Myth 8: The IoT Chaos is Only Temporary
I predict this will never get sorted out. IIoT is destined to become fragmented with oodles of competing standards. The market is too big, the applications too numerous, the vendors too disparate to ever coalesce around a group of standards, let alone a single standard. Just last month I ran into a major consumer products company that is basing their IIoT efforts around Kafka, a technology named after a Russian poet!
And if you’re a device manufacturer making drives, robots or even simpler devices, the landscape is going to be especially chaotic and complex. You will need to think about what customers you’ll serve and how you’ll use devices, services, applications, hardware platforms, standards groups, business models, geographies and even other users to serve them. It’s going to be a lot harder than just adding an EtherNet/IP or Profinet IO to your device.

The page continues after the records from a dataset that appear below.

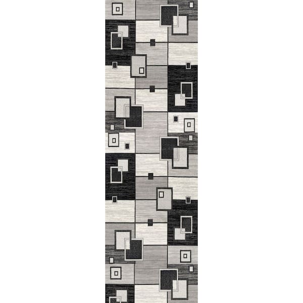 Montage Grey Black, Checkered 2 ft. x 14 ft. Geometric Indoor Runner Rug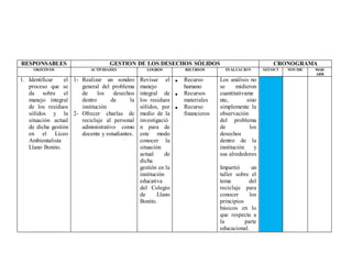 Este documento presenta un cronograma de actividades para implementar un plan de gestión de residuos sólidos en el Colegio Llano Bonito entre setiembre y abril. Los objetivos incluyen identificar el proceso actual de manejo de desechos, proponer acciones para facilitar un plan de gestión, y diseñar herramientas innovadoras para el plan. Algunas actividades son charlas de reciclaje, crear brigadas estudiantiles de vigilancia, y habilitar un área temporal de acopio. Los recursos requeridos son humanos, materiales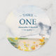 Elegant watercolor botanical table number card in a unique round format frames your details with a border watercolor mountains and florals in pale, cool shades of dusty blue, greys, yellows and greens. The font is set in modern sans serif and script typography. Perfect for spring, summer, fall autumn, rustic or garden theme weddings. To see more designs like this visit VG Invites at www.zazzle.com/vginvites

Myth 9: IIoT is Hard to Do / IIoT is Easy to Do
These are both myths and truths at the same time, depending on your perspective. IIoT is easy to do if you just want to move some data and you aren’t really concerned about security, meta data, longevity or Return on Investment (ROI). Just moving data is easy (see Myth #3).

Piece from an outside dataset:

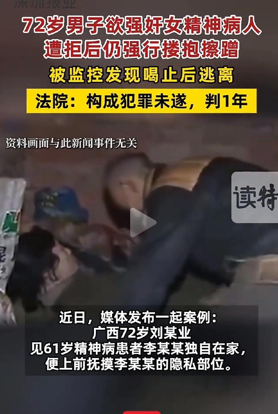 老而无德!广西平南,72岁的刘某,见同村61岁的李某某患有精神分裂症,一个人在家,竟然起了歹念。先是上手抚摸隐私部位,被拒绝后,又掏出钱来引诱。李某还是不肯。刘某干脆撕破脸,强行搂抱、擦蹭,想要直接性侵。幸亏李某的亲属通过客厅监控看到了这一幕,大声喝止,刘某才吓得逃跑。 李某某今年61岁,患有精神分裂症,案发时正处于发病期。经专业鉴定,她当时完全没有性自我防卫能力。 什么意思?就是说她根本不知道别人在对自己做什么,也没法说“不”或者反抗。 那天下午两点,刘某趁她一个人在家,先摸,再拿钱引诱,最后强行施暴。每一步都是在试探,每一步都是在欺负一个没有反抗能力的病人。 案子到了法院,有个争议点:刘某中途停手,到底是“犯罪未遂”还是“犯罪中止”? 这两个词听起来差不多,但意思完全不同。 “未遂”是想干但没干成,是因为外面有人阻止了。 “中止”是自己主动放弃不干了。 法院认为,刘某不是因为良心发现才停手的,而是被监控喝止,怕被人抓住才跑的。 所以是“犯罪未遂”,不是“犯罪中止”。再加上他认罪认罚,最后判了一年。 这里要说明一下,强奸罪的量刑起点是三年以上十年以下。但因为刘某是未遂,可以从轻或减轻处罚,所以最后只判了一年。 正如网友说:“72岁的人了,不说积点德,竟然欺负一个精神病人,还有脸拿钱引诱?这叫什么人?” “一年太轻了!这根本起不到震慑作用。以后是不是谁岁数大都可以干这种缺德事了?” “如果那天没被喝止呢?如果得逞了呢?又能判几年?” 说实话,看了堵得慌。一个监控救了她,但更多人呢? 也幸好李某的亲属还算有警惕心,装了监控,不然那天会发生什么,根本不敢想。 但你想过没有,如果没装监控呢?如果亲属当时没看到呢?这个案子是不是就不会有人知道了? 有网友说得一针见血:“判得轻不轻是一回事,关键是这个案子暴露出来的问题——农村的精神病人谁来保护?” 农村很多精神病人的监护人,要么是年迈的父母,要么是同样身体不好的配偶。自己都需要别人照顾,哪有能力24小时看护一个精神病人? 再加上农村家庭经济条件差,没钱送医,没钱装监控,更没有专业的照护服务。这些人就成了最容易被人欺负的目标。 那些最弱的人——精神病人、独居老人、残疾人——谁又来保护他们? 他们可能不会上网,不会发声,甚至不知道自己被欺负了。但正因为这样,他们更需要被看见、被保护。 一个家庭装个监控,就能救一个人。但如果整个社会对这些问题视而不见,靠一个监控能挡住多少个刘某? 法律讲条款,但老百姓心里有杆秤 法律讲条款、讲证据,这没错。但老百姓心里也有一杆秤。 一个最弱的人被欺负了,欺负她的人只坐一年牢。这让人怎么相信“法律保护弱者”这句话? 保护弱者,不光是法律的事,也是每一个人的事。愿这样的悲剧,越来越少。

IIoT is hard to do if you want to do it right. That means securing the data, executing a project that completes on schedule, using hardware and software components that are viable for the long term and making money (ROI).
Myth 10: The Open Source Myth
I’m not a fan of open source in the manufacturing world, though I’m admittedly biased – we sell software that is also available as open source. I know far too many ‘gotchas’ in the manufacturing world. I see technologies like OPC UA that are extraordinarily feature-rich and extremely complicated to deploy. I see significant risk in going with an open source project in a complicated manufacturing environment where millions of dollars can be at stake. I see it as risky to not have a partner that can assist you when the dog poo hits the fan. Open source is a good strategy for demonstration projects, but if you are going to go open source, make sure you fund your own internal expert in that technology that can manage it for you.
One thing is clear to me: the manufacturers who have clarity of purpose (ROI) and develop the flexibility, agility and speed to adapt IIoT are going to gain competitive advantage in the marketplace!